§ Activity:
Please print exactly the lines below, from the start of the material up to and including the line with "<B>1965 1C SMS", but none of the pictures.

§ Supplied material:

***

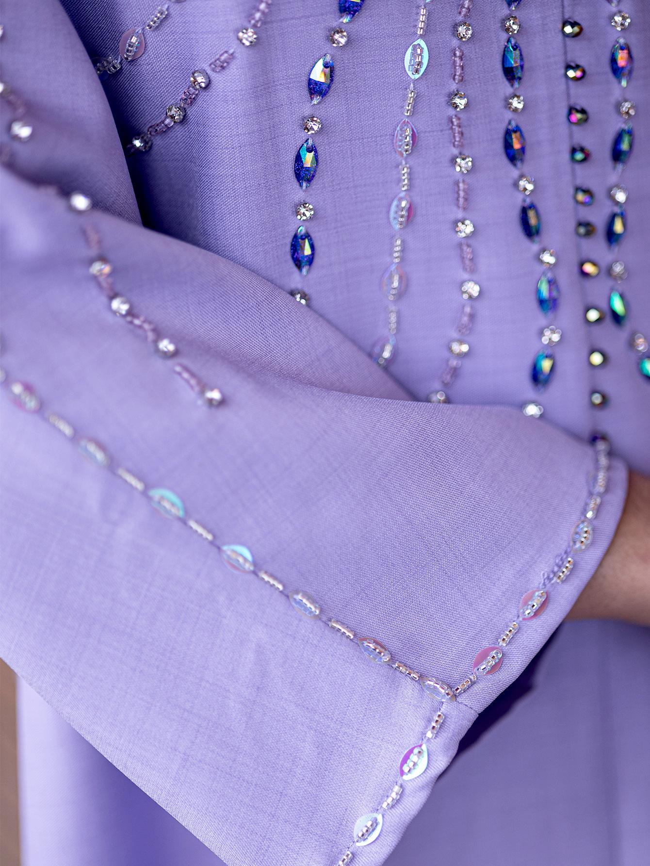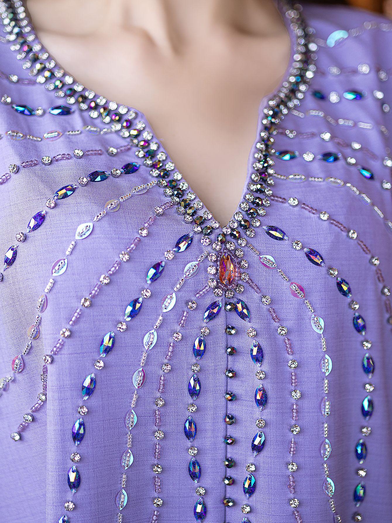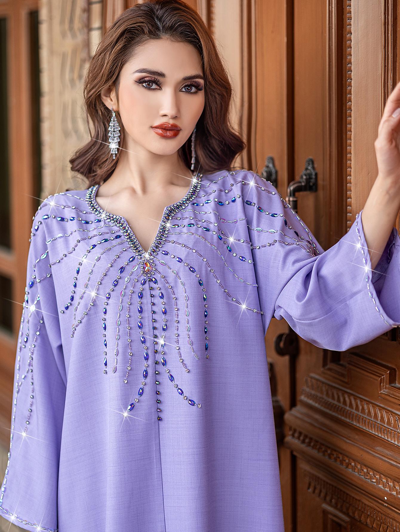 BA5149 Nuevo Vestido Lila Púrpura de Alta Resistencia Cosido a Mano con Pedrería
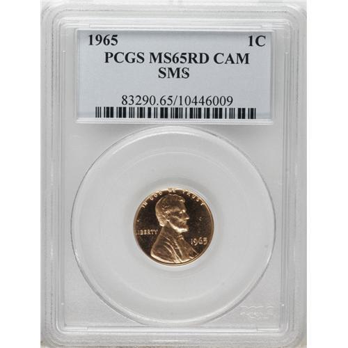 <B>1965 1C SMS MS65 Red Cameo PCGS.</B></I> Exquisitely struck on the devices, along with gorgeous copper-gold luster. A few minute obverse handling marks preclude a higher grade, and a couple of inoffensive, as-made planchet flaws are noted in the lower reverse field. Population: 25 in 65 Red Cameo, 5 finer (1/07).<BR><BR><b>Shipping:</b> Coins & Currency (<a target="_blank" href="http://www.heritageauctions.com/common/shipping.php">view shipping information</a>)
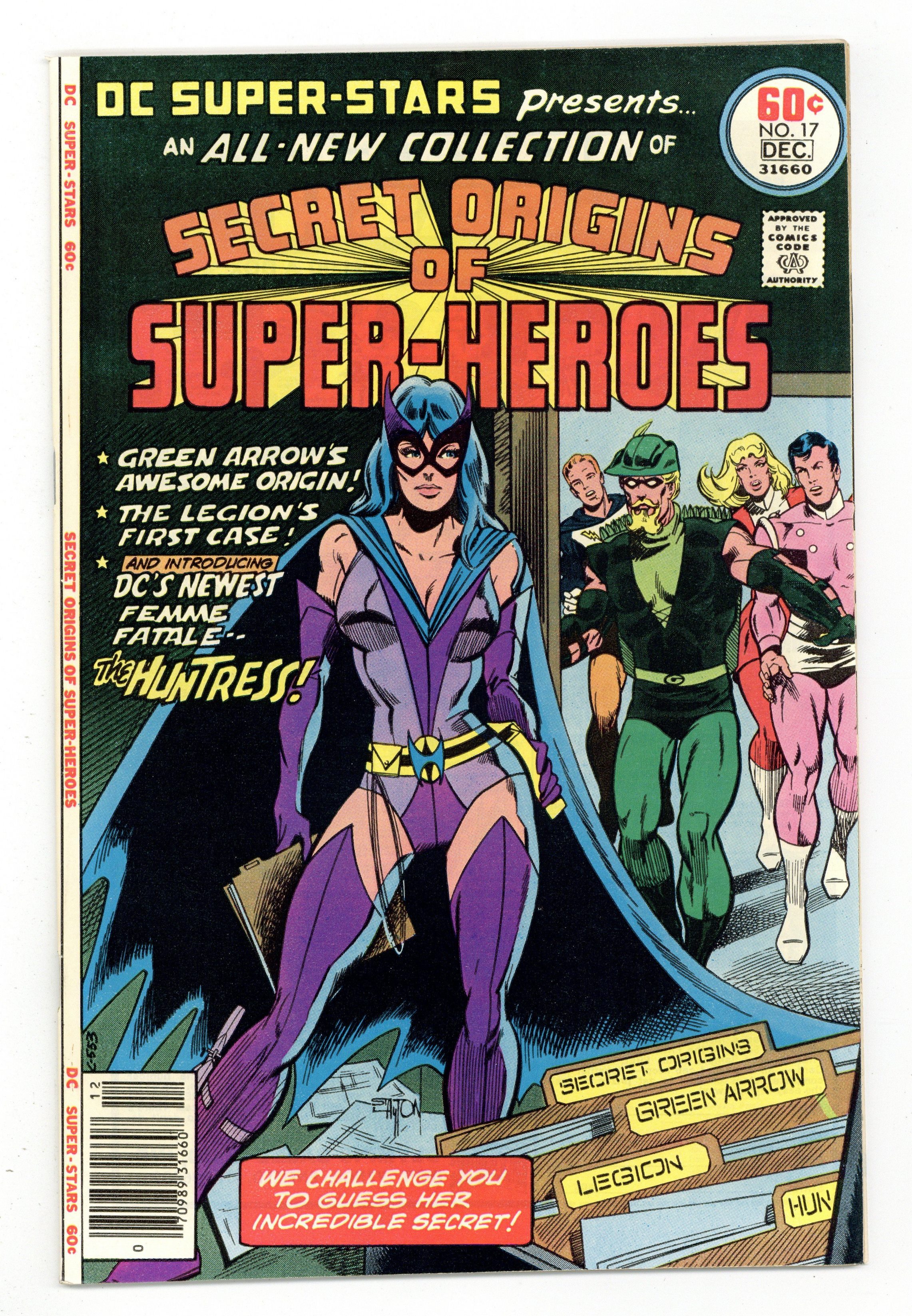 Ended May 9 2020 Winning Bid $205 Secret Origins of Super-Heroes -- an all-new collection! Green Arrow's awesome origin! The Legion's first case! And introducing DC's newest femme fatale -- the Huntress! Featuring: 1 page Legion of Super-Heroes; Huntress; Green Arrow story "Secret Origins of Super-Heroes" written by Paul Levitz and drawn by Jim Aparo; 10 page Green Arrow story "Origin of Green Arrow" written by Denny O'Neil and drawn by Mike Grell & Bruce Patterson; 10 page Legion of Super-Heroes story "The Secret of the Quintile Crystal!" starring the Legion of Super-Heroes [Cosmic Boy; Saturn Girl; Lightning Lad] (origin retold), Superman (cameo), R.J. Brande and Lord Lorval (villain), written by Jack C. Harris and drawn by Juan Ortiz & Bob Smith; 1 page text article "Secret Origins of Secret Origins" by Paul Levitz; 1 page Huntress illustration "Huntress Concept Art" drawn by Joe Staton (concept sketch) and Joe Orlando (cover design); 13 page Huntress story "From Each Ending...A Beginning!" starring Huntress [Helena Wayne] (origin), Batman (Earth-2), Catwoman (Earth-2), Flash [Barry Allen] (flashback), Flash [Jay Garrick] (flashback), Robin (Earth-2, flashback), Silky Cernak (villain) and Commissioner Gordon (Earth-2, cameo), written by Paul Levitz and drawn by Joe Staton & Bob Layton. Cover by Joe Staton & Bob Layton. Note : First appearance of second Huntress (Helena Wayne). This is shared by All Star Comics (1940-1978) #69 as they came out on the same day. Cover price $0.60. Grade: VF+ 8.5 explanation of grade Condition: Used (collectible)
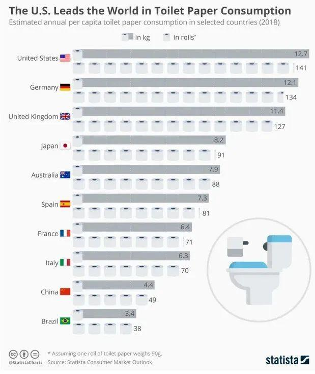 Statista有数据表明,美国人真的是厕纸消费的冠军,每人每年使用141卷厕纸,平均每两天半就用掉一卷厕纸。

***

§ Exercise output:
 BA5149 Nuevo Vestido Lila Púrpura de Alta Resistencia Cosido a Mano con Pedrería
 <B>1965 1C SMS MS65 Red Cameo PCGS.</B></I> Exquisitely struck on the devices, along with gorgeous copper-gold luster. A few minute obverse handling marks preclude a higher grade, and a couple of inoffensive, as-made planchet flaws are noted in the lower reverse field. Population: 25 in 65 Red Cameo, 5 finer (1/07).<BR><BR><b>Shipping:</b> Coins & Currency (<a target="_blank" href="http://www.heritageauctions.com/common/shipping.php">view shipping information</a>)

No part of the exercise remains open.